#### RAW DATA ####

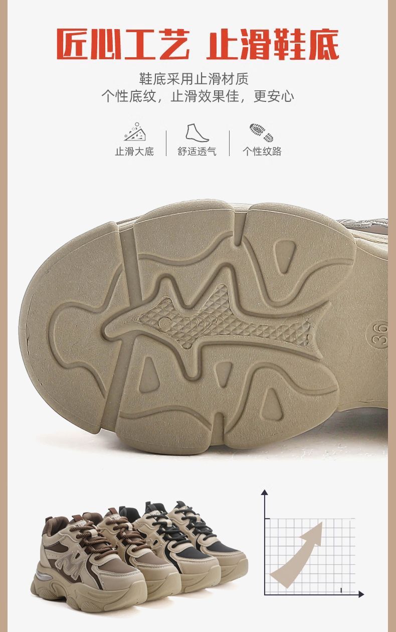 여성을위한 두꺼운 밑창 가죽 아빠 신발 2025 봄 새로운 스타일 작은 부드러운 밑창 여성을위한 다목적 두꺼운 밑창 스포츠 및 캐주얼 신발
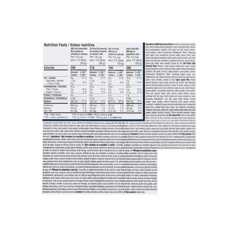 - Contains cajun snack mix, original bar mix, BBQ flavour and Dill flavour chip covered nuts
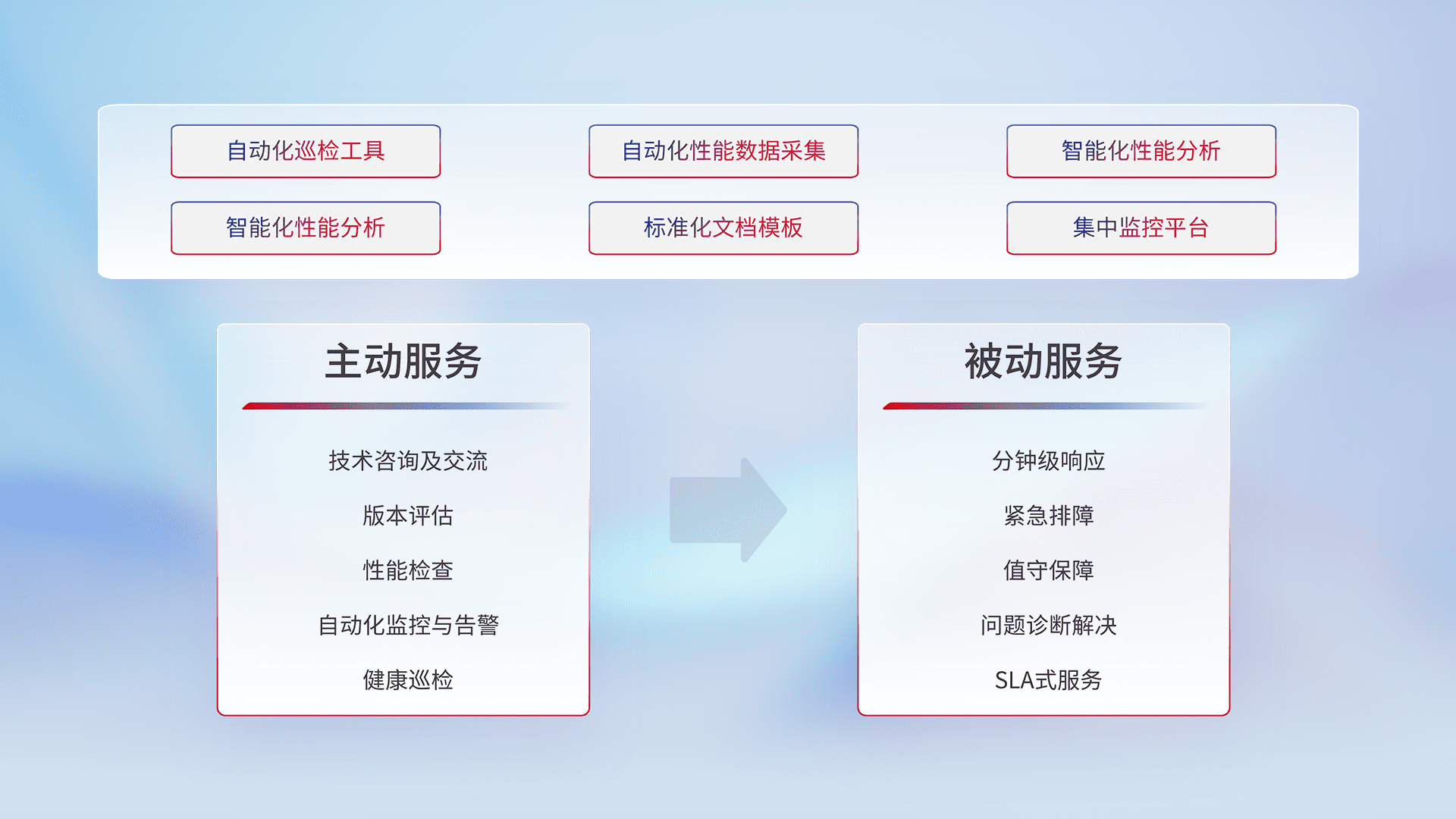智能化工具和标准化文档,,,保障服务质量,,,,提供主动服务(包含技术咨询、、、、版本评估、、、、性能检查、、、、自动化监控与告警、、、、健康巡检)和被动服务包含(分钟级响应、、紧急排障、、、、值守保障、、、、问题诊断解决、、、、SLA服务)。。。。
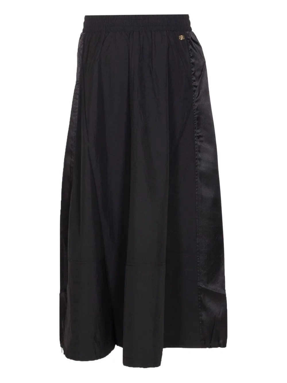 Maxi skirt with modern design featuring a long silhouette and delicate pleats.Elastic waistband with drawstring offers adjustable, comfortable fit.Drawstring with stoppers at the hem allows for personalized shaping.Made from lightweight fabric ensuring comfort and versatility.Suitable for various casual and sporty looks.Contemporary style combining practicality and femininity.
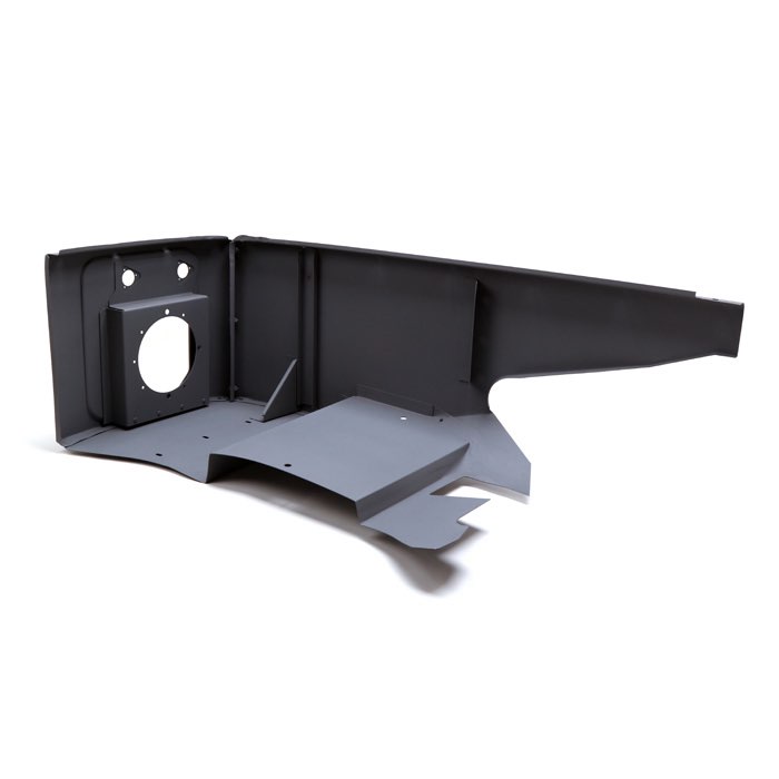 Left hand wing assembly including top, front, and inner panels for Series late IIA and III all 4-cylinder models. Aluminum finished with grey primer paint.
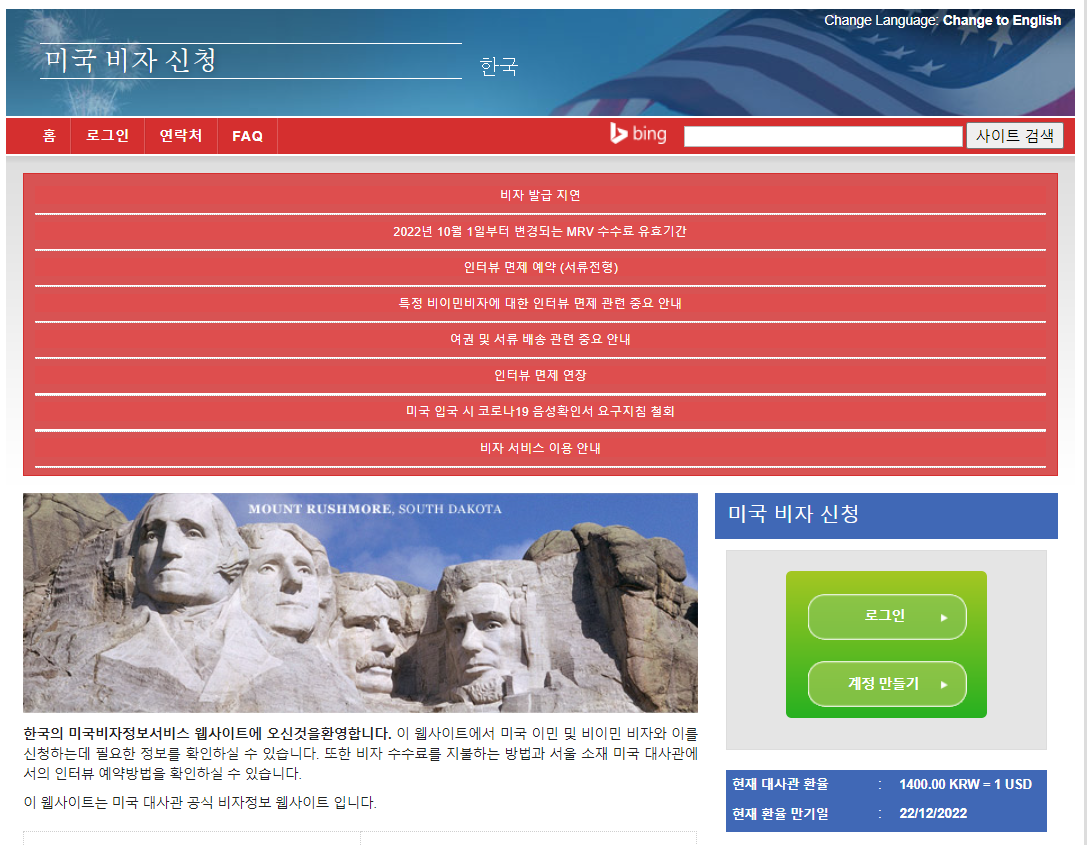 비자 신청 전반적인 내용을 알 수 있습니다. 계정이 있으면 로그인으로 들어가고 없으면 "계정 만들기"를 클릭합니다.
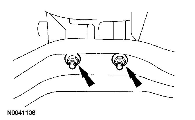 7. Remove the bolts retaining the exhaust inlet crossover pipe to the muffler. Discard the exhaust converter outlet gasket.
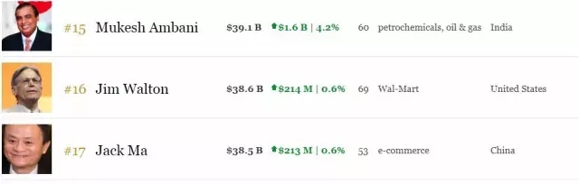 截至发稿,穆克什和马云的个人财富在福布斯全球富豪榜单上分别排名第15、17名。
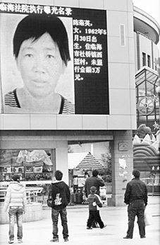 今天(注:1月15日)下午,記者在浙江臺州臨海市崇和門廣場100余平方米的大屏幕上看到,該市法院正把欠債不還的老賴的彩色照片以及家庭住址、職業(yè)和未履行債務(wù)情況等,通過大屏幕進行公開循環(huán)播放。
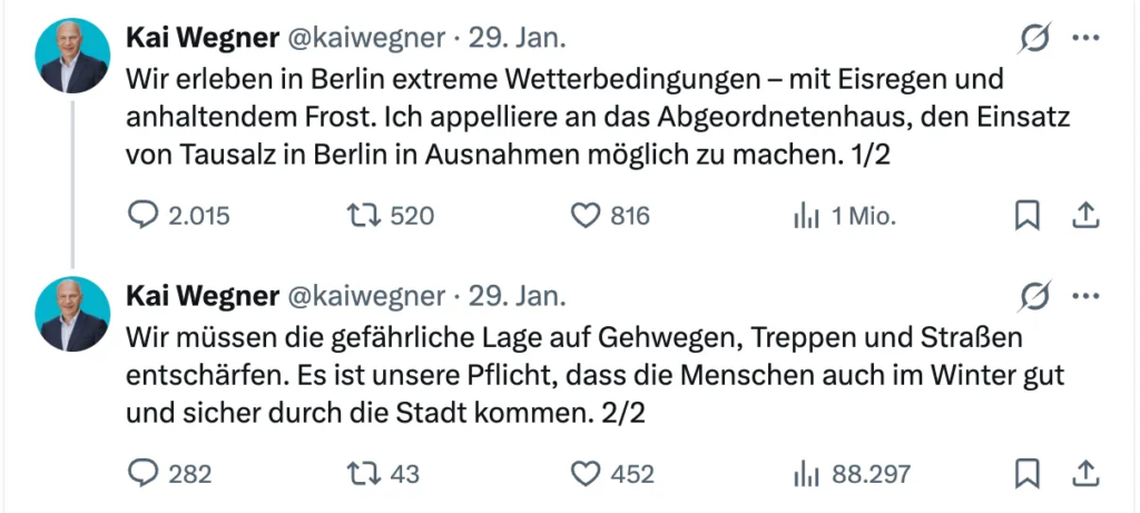 This morning, Berlin’s hapless Governing Mayor Kai Wegner appealed to the House of Representatives “to allow the use of de-icing salt in exceptional cases” to “alleviate the dangerous situation”. After everybody had a good laugh at Wegner for his impotent social media appeals, the man discovered that he is actually in charge of the whole executive and that he can just do things:
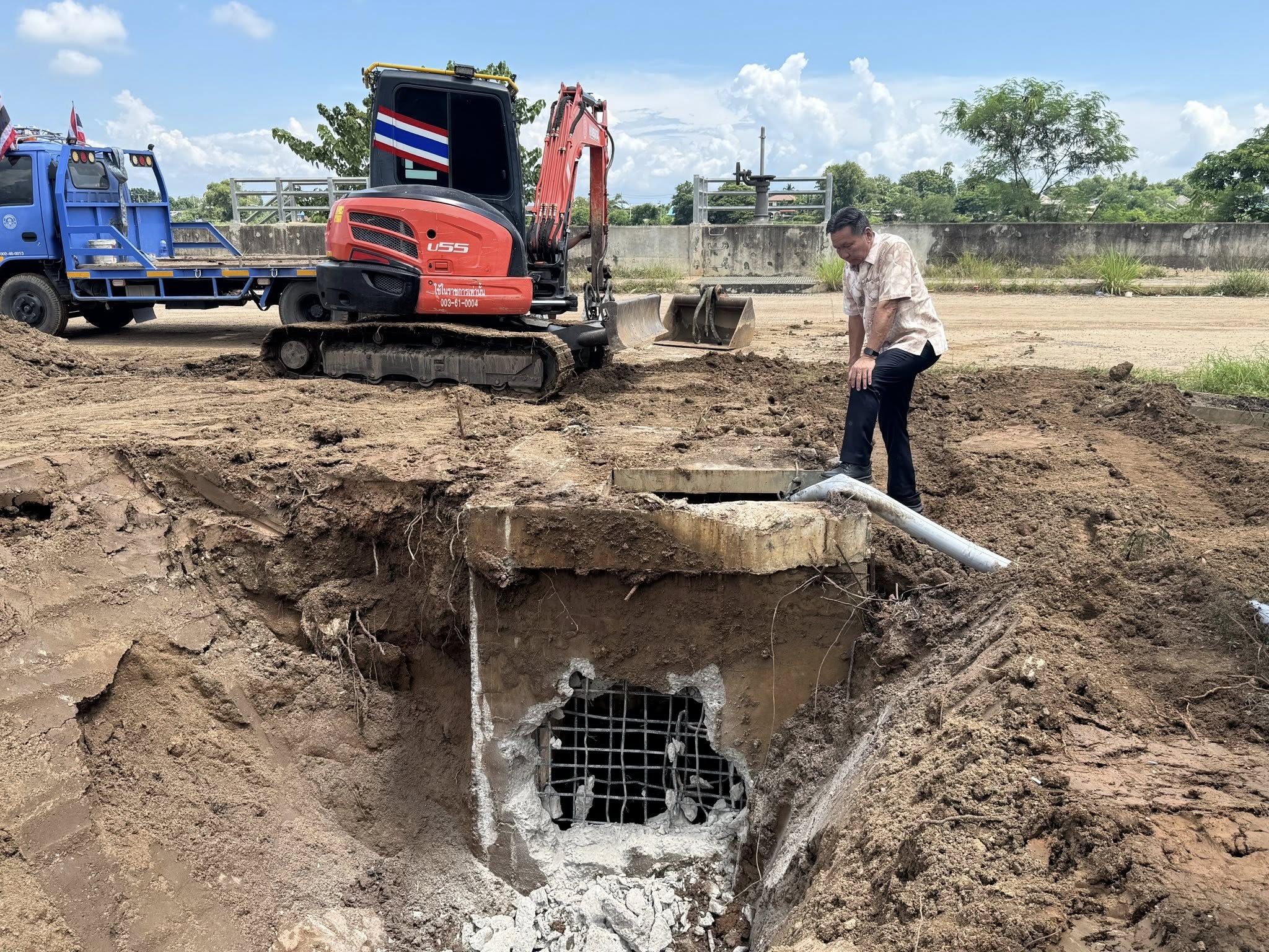 ตรวจติดตามการทำช่องทางระบายน้ำเพิ่ม เพื่อแก้ไขปัญหาน้ำท่วมขัง
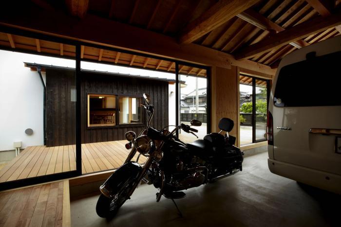 ただ車やバイクを停めるだけの場所に留まりません.リビングルームと同様,デッキに接する部分には大きなガラス窓があり,外からの光を取り込むことができます.
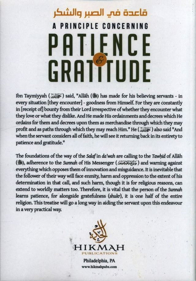 A Principle Concerning Patience & Gratitude Author:Shaykh al -Islam Ibn TaymiyyahBinding:soft coverPages:77Size cm:14x21Publisher:Hikmah PublicationShelf Location 2:11A Ibn Taymiyyah said, "Allah has made for his believing servants - in every situation [they encounter] - goodness from Himself. For they are constantly in [receipt of] bounty from their Lord irrespective of whether...
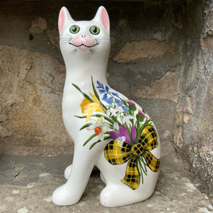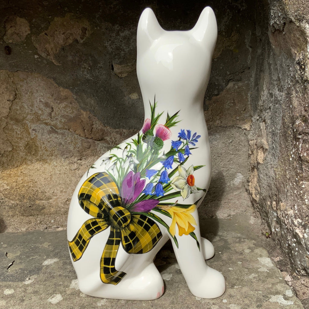 A commissionable magnificent Large Cat hand painted with your chosen family tartan which can also be decorated with flowers of your choosing. The tartan painted on the cat in the photo is of the Barclay clan!
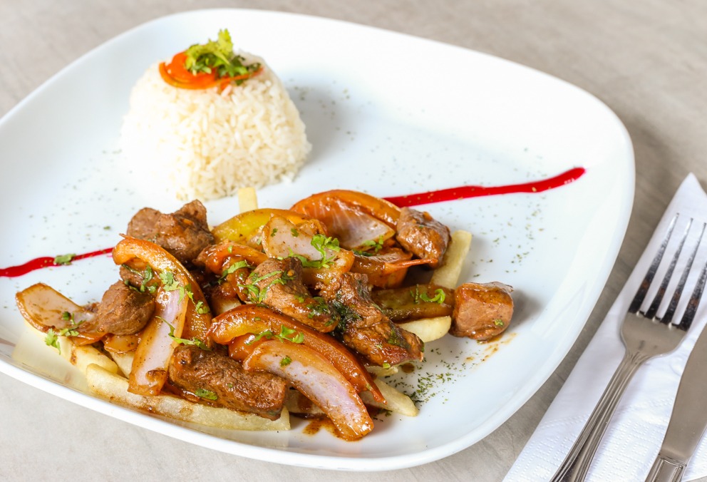 Trozos de solomito salteados al wok mezclados con cebolla, finas especias, tomates y papas a la francesa. Acompañado de arroz blanco.
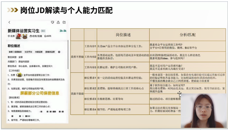 讲座从宏观就业环境切入,胡婷婷分析了当前经济转型下的行业发展趋势和就业政策,建议学生根据专业特点及时调整求职目标。通过“三维度评估法”和实际招聘案例,详细讲解了岗位需求与个人优势的匹配方法。胡婷婷特别强调,简历制作要因岗制宜,面试后要及时复盘总结经验。
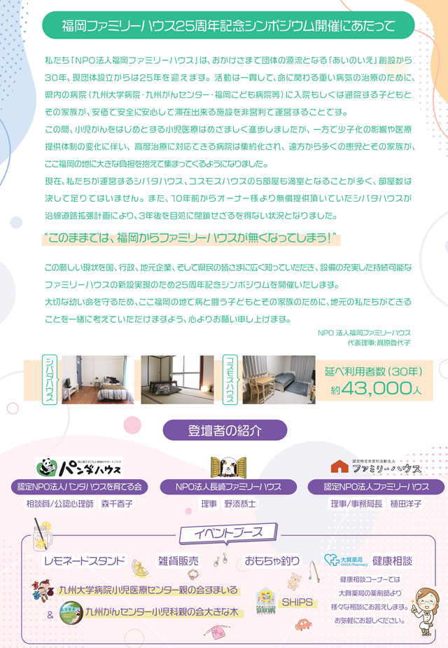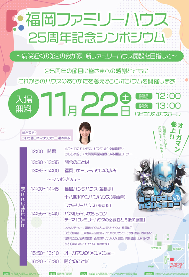 2025年11月22日(土)パピヨン24 ガスホール(福岡市博多区千代1丁目17-1)大賀薬局 人気の体験イベント × 福岡ファミリーハウス25周年記念シンポジウム 同時開催!

####

WHAT TO PRODUCE:
Give the entries above again in full and exactly, but not the pictures.

WRITTEN RESPONSE:
 여성을위한 두꺼운 밑창 가죽 아빠 신발 2025 봄 새로운 스타일 작은 부드러운 밑창 여성을위한 다목적 두꺼운 밑창 스포츠 및 캐주얼 신발
 - Contains cajun snack mix, original bar mix, BBQ flavour and Dill flavour chip covered nuts
智能化工具和标准化文档,,,保障服务质量,,,,提供主动服务(包含技术咨询、、、、版本评估、、、、性能检查、、、、自动化监控与告警、、、、健康巡检)和被动服务包含(分钟级响应、、紧急排障、、、、值守保障、、、、问题诊断解决、、、、SLA服务)。。。。
 Maxi skirt with modern design featuring a long silhouette and delicate pleats.Elastic waistband with drawstring offers adjustable, comfortable fit.Drawstring with stoppers at the hem allows for personalized shaping.Made from lightweight fabric ensuring comfort and versatility.Suitable for various casual and sporty looks.Contemporary style combining practicality and femininity.
 Left hand wing assembly including top, front, and inner panels for Series late IIA and III all 4-cylinder models. Aluminum finished with grey primer paint.
 비자 신청 전반적인 내용을 알 수 있습니다. 계정이 있으면 로그인으로 들어가고 없으면 "계정 만들기"를 클릭합니다.
 7. Remove the bolts retaining the exhaust inlet crossover pipe to the muffler. Discard the exhaust converter outlet gasket.
 截至发稿,穆克什和马云的个人财富在福布斯全球富豪榜单上分别排名第15、17名。
 今天(注:1月15日)下午,記者在浙江臺州臨海市崇和門廣場100余平方米的大屏幕上看到,該市法院正把欠債不還的老賴的彩色照片以及家庭住址、職業(yè)和未履行債務(wù)情況等,通過大屏幕進行公開循環(huán)播放。
 This morning, Berlin’s hapless Governing Mayor Kai Wegner appealed to the House of Representatives “to allow the use of de-icing salt in exceptional cases” to “alleviate the dangerous situation”. After everybody had a good laugh at Wegner for his impotent social media appeals, the man discovered that he is actually in charge of the whole executive and that he can just do things:
 ตรวจติดตามการทำช่องทางระบายน้ำเพิ่ม เพื่อแก้ไขปัญหาน้ำท่วมขัง
 ただ車やバイクを停めるだけの場所に留まりません.リビングルームと同様,デッキに接する部分には大きなガラス窓があり,外からの光を取り込むことができます.
 A Principle Concerning Patience & Gratitude Author:Shaykh al -Islam Ibn TaymiyyahBinding:soft coverPages:77Size cm:14x21Publisher:Hikmah PublicationShelf Location 2:11A Ibn Taymiyyah said, "Allah has made for his believing servants - in every situation [they encounter] - goodness from Himself. For they are constantly in [receipt of] bounty from their Lord irrespective of whether...
 A commissionable magnificent Large Cat hand painted with your chosen family tartan which can also be decorated with flowers of your choosing. The tartan painted on the cat in the photo is of the Barclay clan!
 Trozos de solomito salteados al wok mezclados con cebolla, finas especias, tomates y papas a la francesa. Acompañado de arroz blanco.
 讲座从宏观就业环境切入,胡婷婷分析了当前经济转型下的行业发展趋势和就业政策,建议学生根据专业特点及时调整求职目标。通过“三维度评估法”和实际招聘案例,详细讲解了岗位需求与个人优势的匹配方法。胡婷婷特别强调,简历制作要因岗制宜,面试后要及时复盘总结经验。
 2025年11月22日(土)パピヨン24 ガスホール(福岡市博多区千代1丁目17-1)大賀薬局 人気の体験イベント × 福岡ファミリーハウス25周年記念シンポジウム 同時開催!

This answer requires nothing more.